Nous vivons aujourd'hui dans ce soupçon d'un recouvrement de l'existence par la science ; et la technicité de plus en plus envahissante à laquelle celle-ci a conduit, sans qu'on l'ait choisi, et qui nous aliène de plus en plus gravement, de façon pandémique, ne peut que confirmer cette défiance. Cet outil théorique, si maniable par son abstraction, tant crédité pour son succès, ne trahirait-il pas le vécu ? Et même n'enfouirait-il pas notre capacité de vivre ? Car que pouvons-nous « expliquer », effectivement, de nos vies ? Nos vies ne s'entendraient-elles pas plutôt en termes de linéaments et d'infléchissements, de propension plus que de causalité, d'amorce imperceptible de changement plus que de début premier ? Un Amour – ou le monde – a-t-il connu son premier jour du Commencement ?

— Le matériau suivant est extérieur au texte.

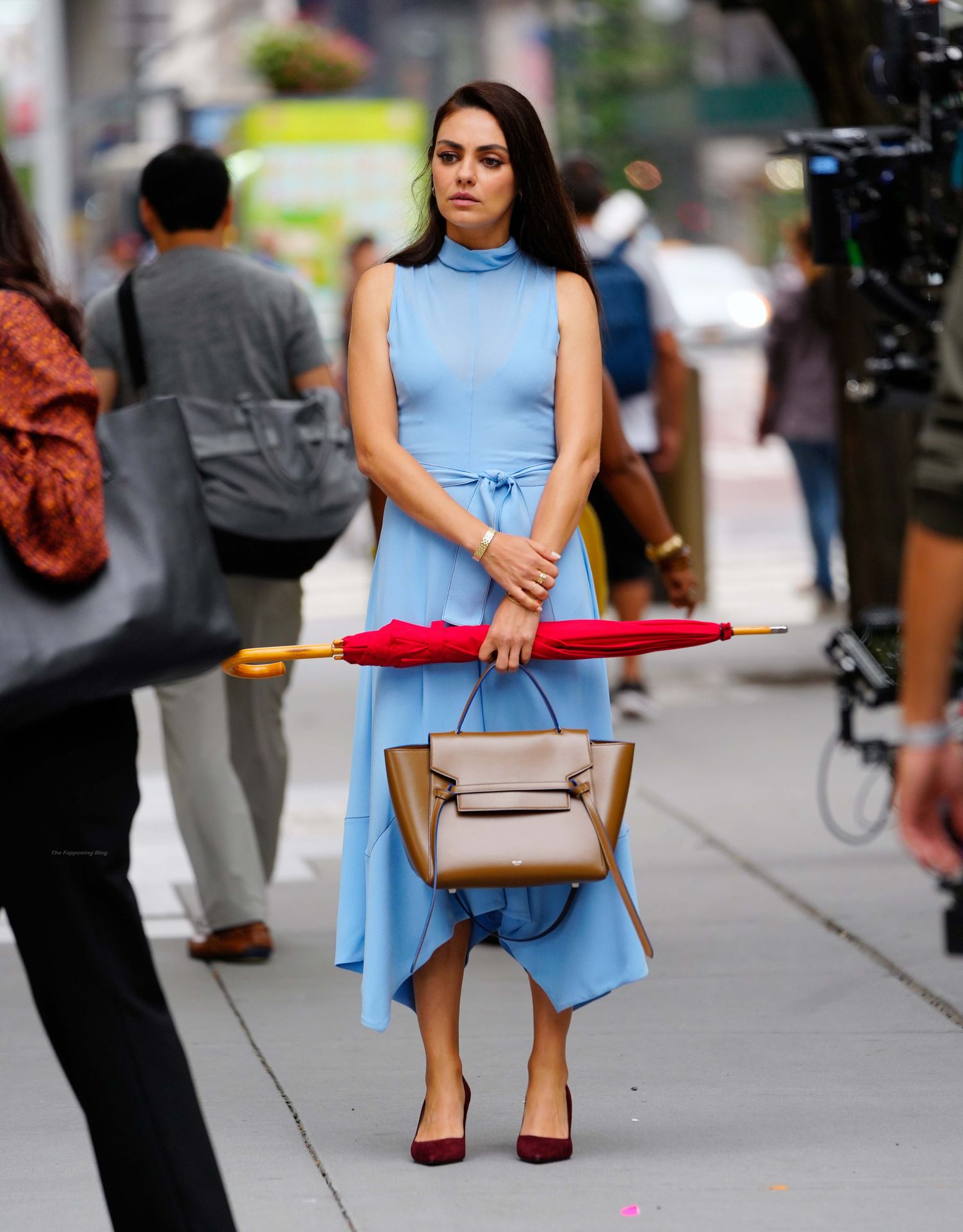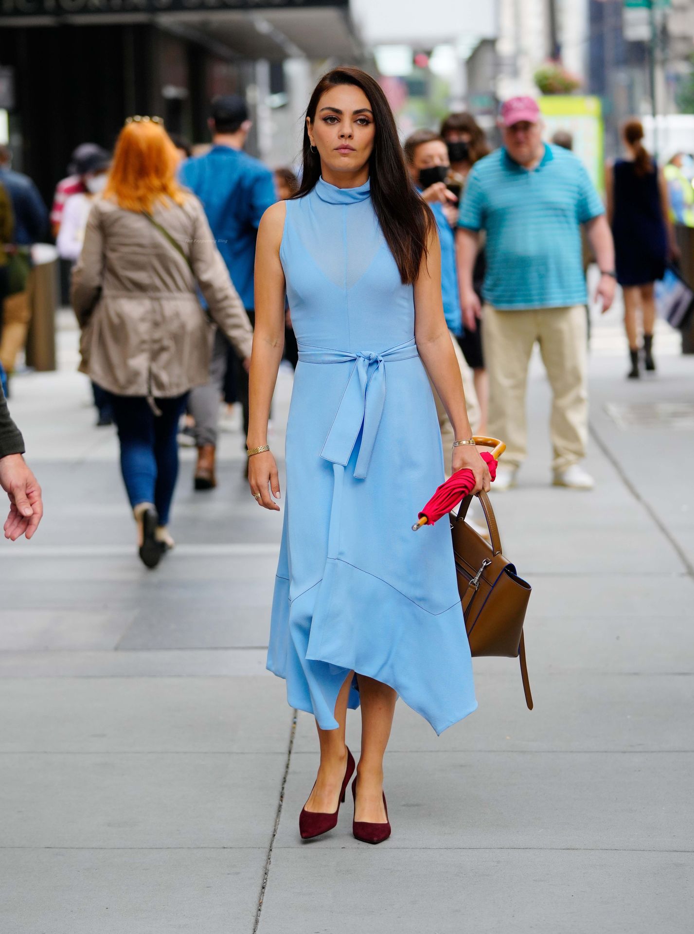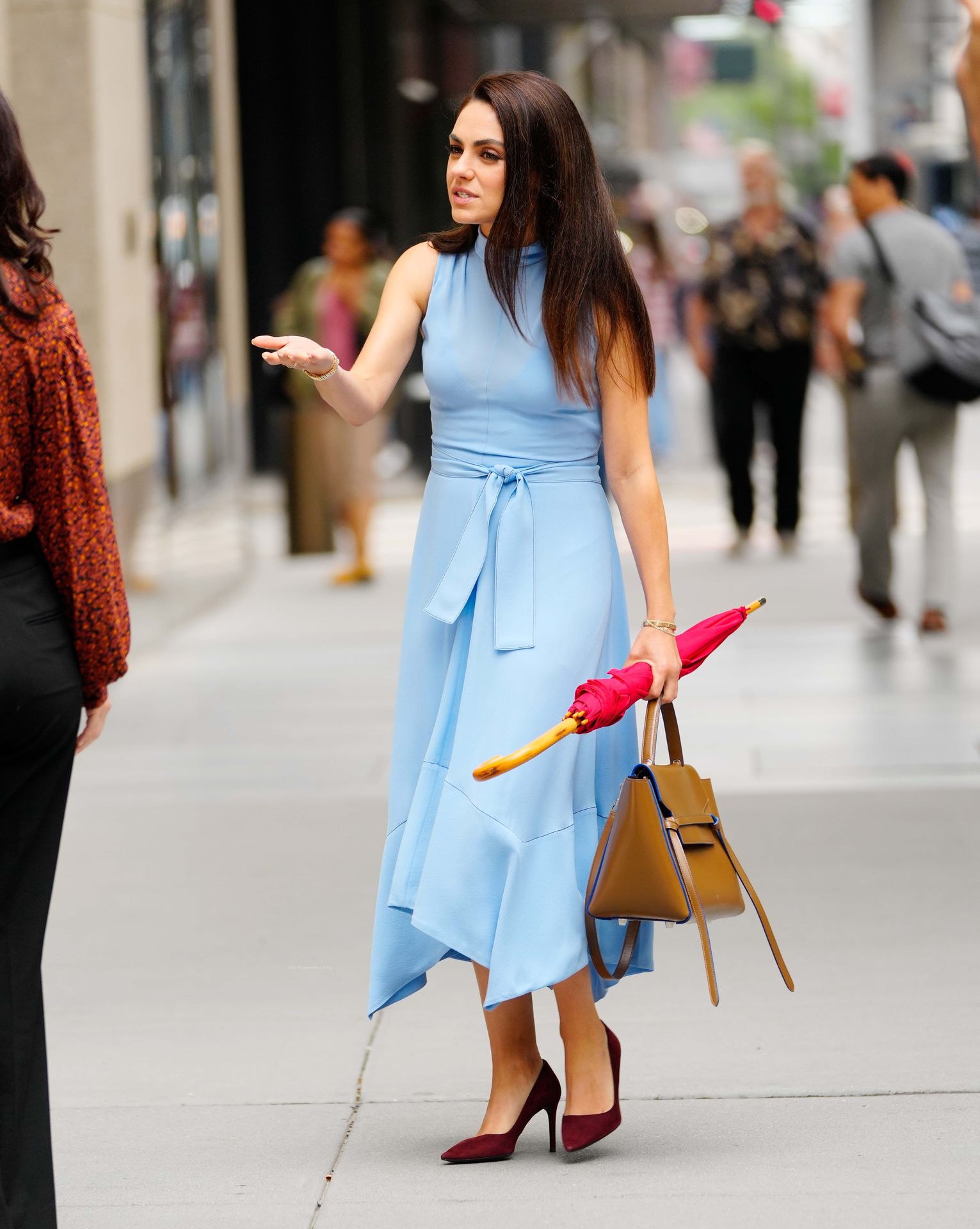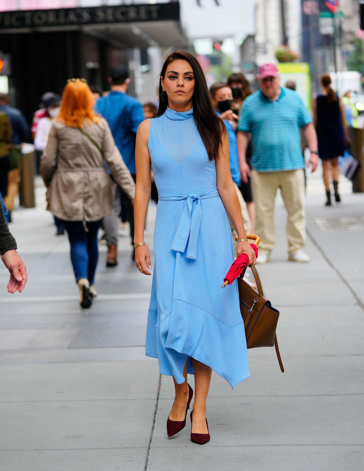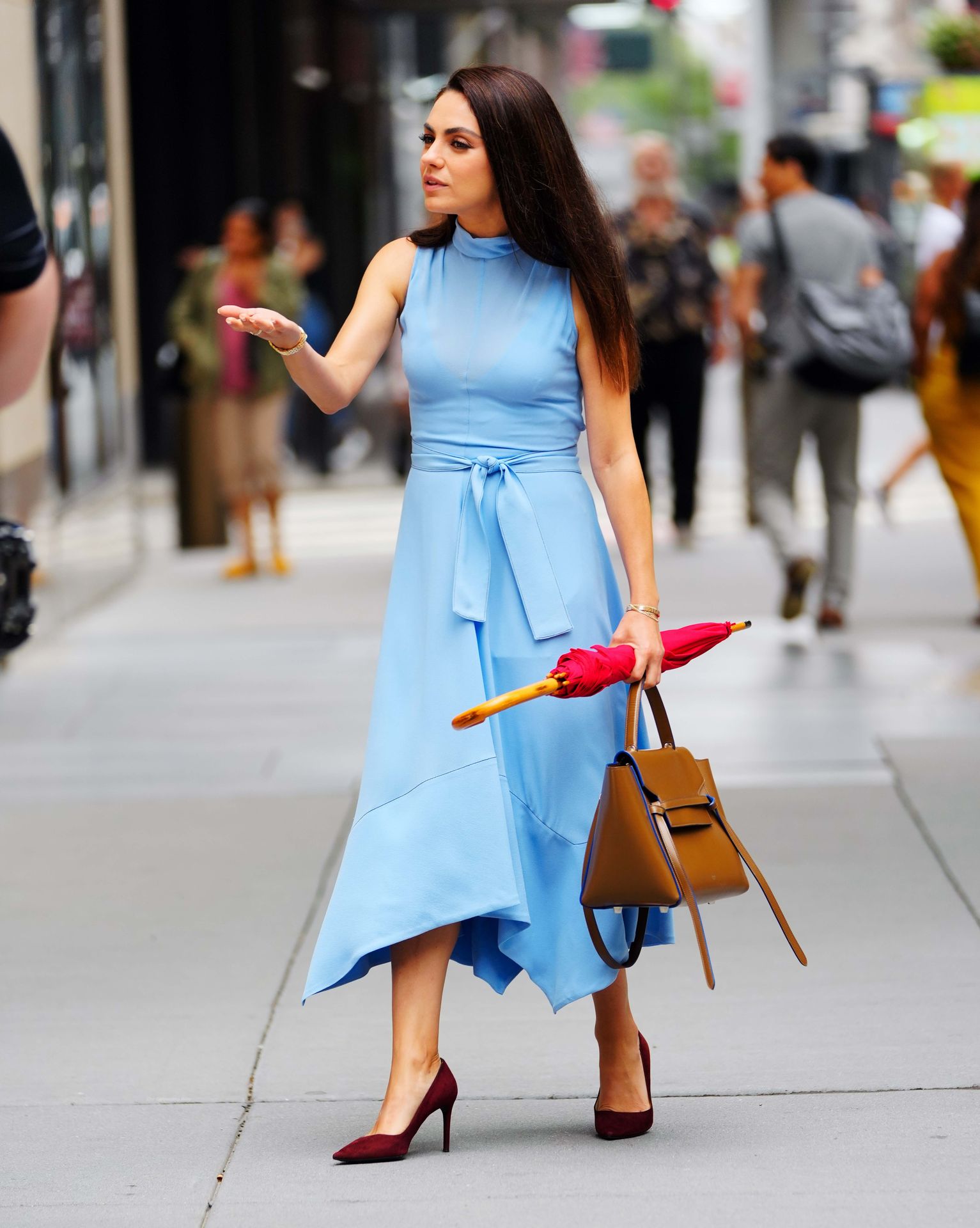 A atriz americana de 38 anos parecia elegante na rua movimentada, vestindo um vestido azul claro combinado com saltos vermelhos e carregando um guarda-chuva vermelho e uma bolsa marrom.

Parions donc que, par ce vis-à-vis réflexif des langues et des cultures, nous trouvions un biais pour désemboîter un tant soit peu notre esprit, commencer de désemmurer sa pensée : pour revenir en deçà, au moins fictivement, de nos grands embranchements théoriques. S'ouvriraient de nouveaux chemins de la connaissance qui, décollant peut-être moins de l'expérience, et d'abord parce que n'imposant plus d'emblée de divisions tranchées, et d'abord celle de l'« être » et du « non-être », permettraient d'approcher enfin de la « vraie vie » que notre appareil intellectuel peut-être a dissimulée. De commencer d'en revenir aux « choses mêmes », ce si vieux rêve de la philosophie...
C'est pourquoi aussi, tentant de me reculer, non pas tant de nos « préjugés » que, plus en amont, de nos partis pris enfouis dans la langue, je commencerai par me garder de cette première séparation, déjà si brutale, peut-être arbitraire : entre penser et décrire. Car faut-il à tout prix dissocier l'analyse théorique et l'expression littéraire, la formulation conceptuelle et l'évocation du singulier, la phrase du philosophe et celle du romancier ? Pour tenter de déborder ma langue, il me faut bien à la fois l'une et l’autre. Plutôt que de vouloir compenser l'une par l'autre, il faudra conjoindre les deux. Du moins si l'on veut tenter d'aborder ce qui ne se laisse plus saisir dans les termes de l'« être » – et d'abord ne se laisse plus approcher en termes de causable et d'assignable, de « quand » précis ni de grand « pourquoi ». Mais dont la trame ou veinure de nos vies pourtant, plus subtilement, est faite[1].
[1] François Jullien, Ce point obscur d’où tout a basculé, Éditions de l’Observatoire, 2021, p. 9-15.